Se cerchi infissi in alluminio su misura, dai un’occhiata alla nostra proposta e, per qualsiasi curiosità o informazione, contattaci: capiremo insieme qual è la soluzione ideale per la tua casa e per le tue esigenze di design e isolamento.
Takeaways
- Gli infissi in alluminio, sebbene robusti, sono suscettibili a due forme principali di corrosione: la galvanica e l’ossidazione. Entrambe possono danneggiare il metallo e compromettere la sua durata nel tempo;
- La corrosione galvanica avviene quando l’alluminio viene a contatto con un altro metallo in presenza di umidità, soprattutto in ambienti marini. L’ossidazione, invece, crea uno strato di ossido sulla superficie dell’alluminio a causa della reazione con l’ossigeno;
- L’anodizzazione è un trattamento elettrochimico efficace per proteggere l’alluminio, creando uno strato di ossido che ne aumenta la resistenza alla corrosione e all’usura: è ideale per infissi esposti a condizioni atmosferiche estreme;
- La verniciatura a polvere rappresenta un’ulteriore protezione, creando una barriera fisica tra l’alluminio e gli agenti corrosivi come umidità e sostanze chimiche, indicata per ambienti urbani e industriali;
- Manutenzione regolare e l’uso di sigillanti siliconici o nastri autoespandenti sono metodi pratici per mantenere gli infissi in alluminio in ottime condizioni, prevenendo i danni e prolungandone la durata.
FAQ
Quali sono le principali cause della corrosione negli infissi in alluminio?
L’alluminio può essere soggetto a corrosione galvanica e ossidazione.
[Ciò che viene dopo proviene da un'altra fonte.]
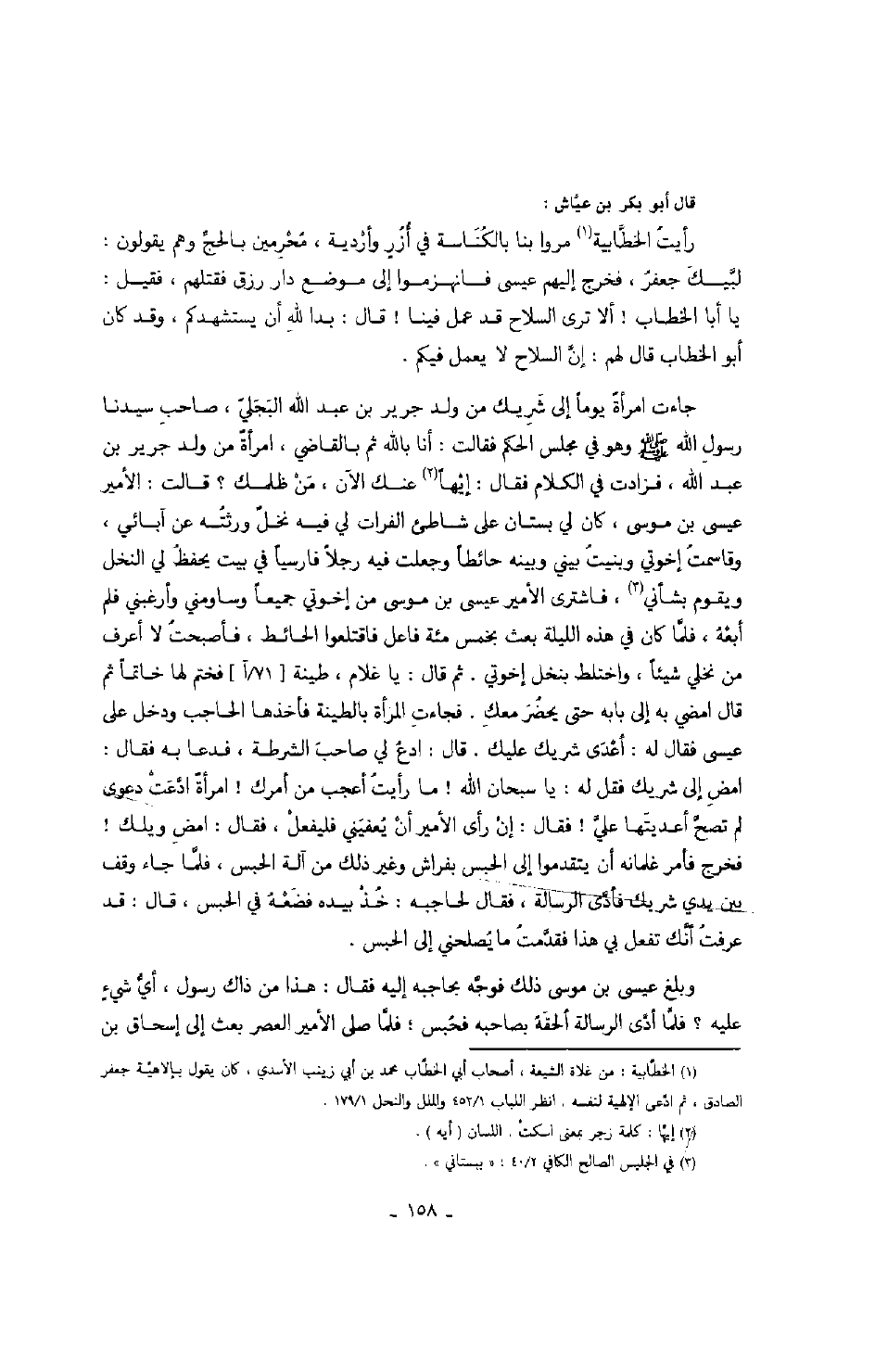 رأيت الخطابية مروا بنا بالكناسة في أزر وأردية، محرمين بالحج وهم يقولون: لبيك جعفر، فخرج إليهم عيسى فانهزموا إلى موضع دار رزق فقتلهم، فقيل: يا أبا الخطاب! ألا ترى السلاح قد عمل فينا! قال: بدا لله أن يستشهدكم، وقد كان أبو الخطاب قال لهم: إن السلاح لا يعمل فيكم.

La corrosione galvanica si verifica quando l’alluminio è a contatto con un metallo più nobile in presenza di acqua o umidità. L’ossidazione, invece, è causata dal contatto dell’alluminio con l’ossigeno nell’aria o nell’acqua.
Come prevenire la corrosione degli infissi in alluminio?
La prevenzione può avvenire tramite trattamenti come l’anodizzazione, che crea uno strato protettivo di ossido, e la verniciatura a polvere, che fornisce una barriera fisica contro gli agenti corrosivi. La manutenzione regolare è altrettanto fondamentale.
Cosa comporta il processo di anodizzazione per proteggere l’alluminio?
L’anodizzazione è un trattamento elettrochimico che crea uno strato di ossido protettivo sulla superficie dell’alluminio, rendendolo altamente resistente alla corrosione e all’usura, particolarmente utile in ambienti costieri o industriali.
Quali prodotti innovativi possono proteggere gli infissi in alluminio?
Oltre ai trattamenti tradizionali, si possono usare sigillanti siliconici, nastri autoespandenti in schiuma poliuretanica e rivestimenti sol-gel a base di nanoparticelle, che aumentano la resistenza alla corrosione e agli agenti atmosferici.
Perché conviene proteggere gli infissi in alluminio?
Proteggere gli infissi in alluminio consente di prolungarne la durata, risparmiare denaro e aumentare il valore dell’immobile, grazie alla loro resistenza agli agenti atmosferici e alle ottime capacità di isolamento termico e acustico.